Data is the biggest bottleneck: even though the “brain” behind AI keeps improving, making enterprise data digestible for an agent is a formidable task that needs a deep understanding of one’s business processes, workflows, customers, and users.
The expert cautions that as you expand, people pay less attention to the early successes and focus on the tail-end issues. It’s easy to wow everyone with a demo, but the real work — and the real challenge — comes when you try to handle all those edge cases at scale.
Small Start, Big Data Hurdles
Cheryl Hodgkinson agrees that data is a huge hurdle to scaling AI. Many companies start small with a proof of concept (POC) developed by an experienced and motivated team using carefully chosen data, and it works fine initially.
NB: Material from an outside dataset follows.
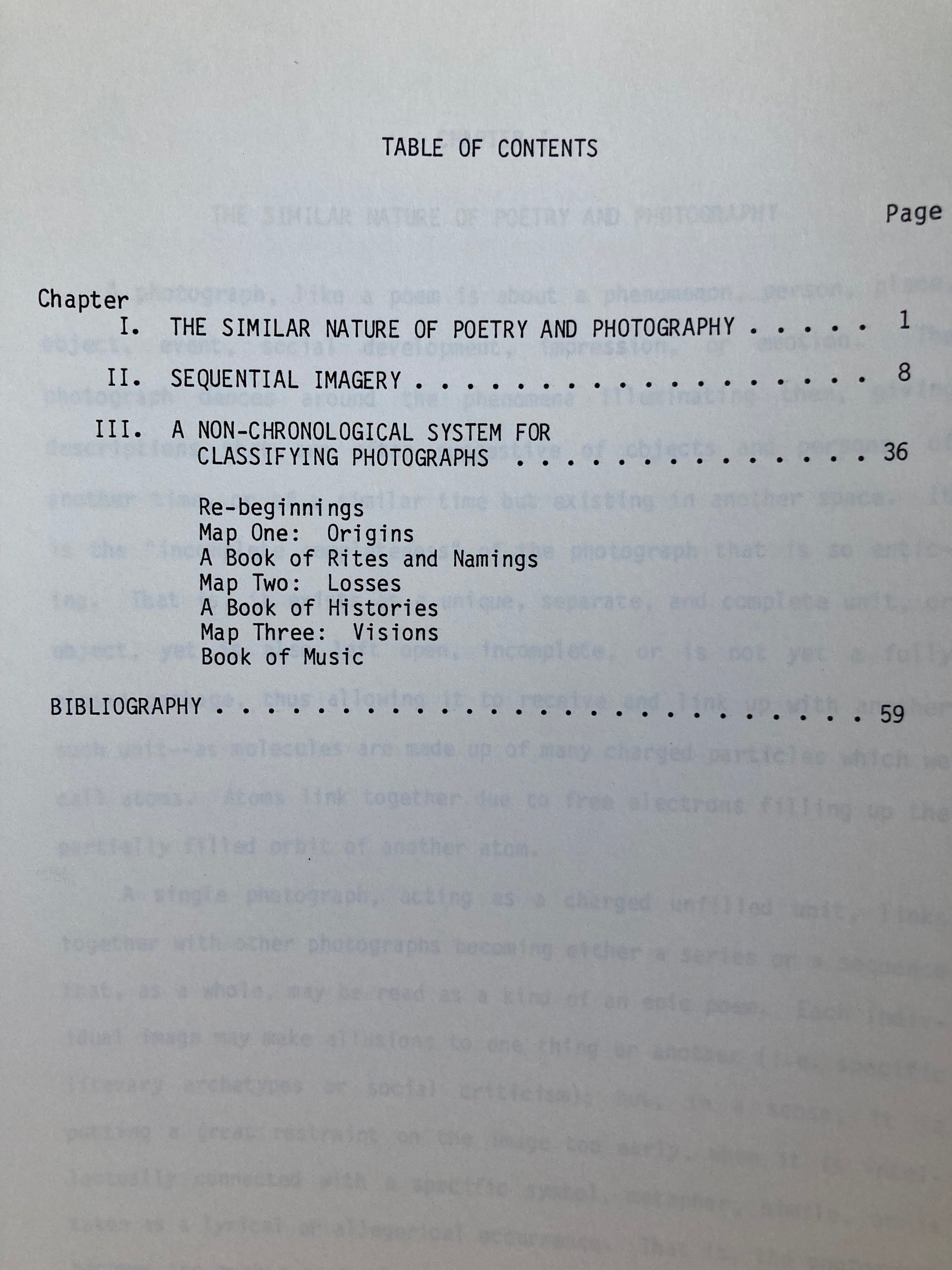 Arizona State University, 1978. Spiral bound, 61 pages, very good with bump on corner. Among photographers discussed in this work are Robert Frank, Minor White, Ralph Gibson, Alfred Stieglitz, Harry Callahan, and Les Krims. Uncommon, only a few copies in WorldCat. Table of contents included in photos below.

But once they try to expand, they encounter inaccessible or unsuitable data — sometimes stored on old drives or locked away in chats — and the challenge of integrating with multiple systems.
Adding system administrators and data security further complicates things, especially when moving from a simple knowledge-management chatbot to an agent that actually performs tasks. Hodgkinson also points out that specialized AI solutions often don’t work across different departments, forcing businesses to implement numerous tools instead of one scalable platform.
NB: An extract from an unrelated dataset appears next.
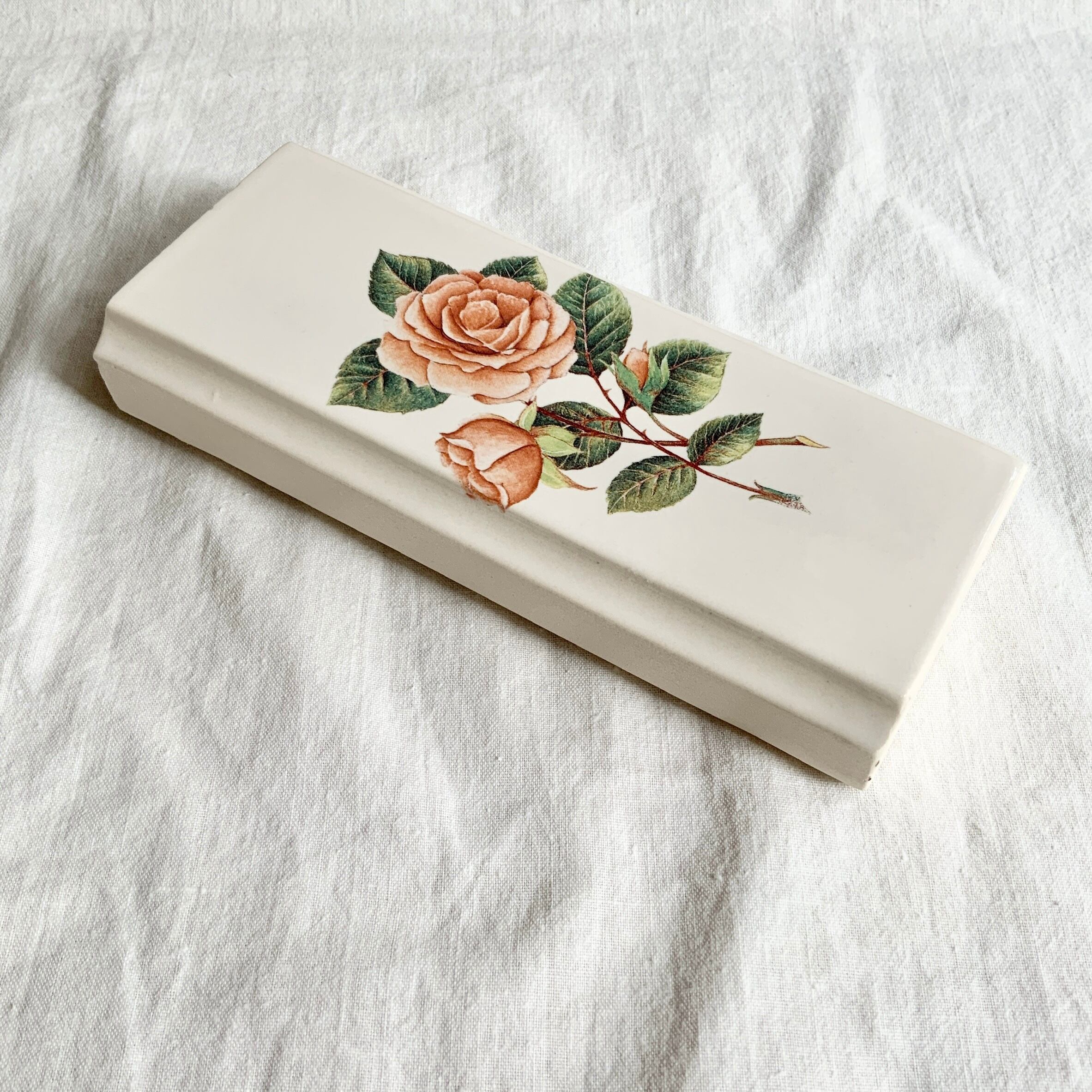 やわらかな地色に、オレンジがかったピンク色のバラが美しく描かれていいます。穴があるので、壁に掛けられます。

Data, Costs, and Human in the Loop
Vitalii Huliai sees data management and real-time responsiveness as major hurdles for scaling AI. He emphasizes that simply feeding information to a model isn’t enough; context windows, near-real-time data processing, and system constraints all come into play.
Huliai also points out the cost factor: it’s easy to build a POC on top of large off-the-shelf models (like OpenAI or Gemini), but at scale, those fees can add up quickly. While open-source options might seem free, they also bring their own infrastructure demands and require skilled teams to manage servers and workflows.
As the expert notes, AI systems involve more moving parts than traditional software. Even after launch, they need continuous performance tracking, user feedback, and refinement. He notes that stuffing too much information into an AI assistant can cause it to lose focus — or even get stuck in an endless loop. There need to be clear points of human intervention to avoid user frustration, allowing people to step in when the AI hits its limits.

Key Metrics to Measure AI Chatbot Success
Talking about the business angle beyond simple engagement metrics, our experts shared their recommendations on what other measures businesses should track to evaluate their AI chatbot’s impact.
Cheryl Hodgkinson ties this back to an earlier point, “define your goal and then track whatever measures the success of that goal.” For example, if you want a customer service chatbot to cut costs, track engagement rates, the frequency of human escalation, and any related call center expenses.
If the focus is internal AI adoption, keep tabs on how often employees use it, for what tasks, and — most importantly — ask them why they might not be using it. Hodgkinson stresses that qualitative feedback is essential for uncovering hidden hurdles and guiding employees through the change process because not all challenges can be measured in numbers.
Raphael Cohen underscores that businesses shouldn’t invent new metrics just for AI. The same North Star metric that defines value for customers should remain central. Adopting AI agents doesn’t change what your business is trying to achieve, so metrics like engagement on their own aren’t enough.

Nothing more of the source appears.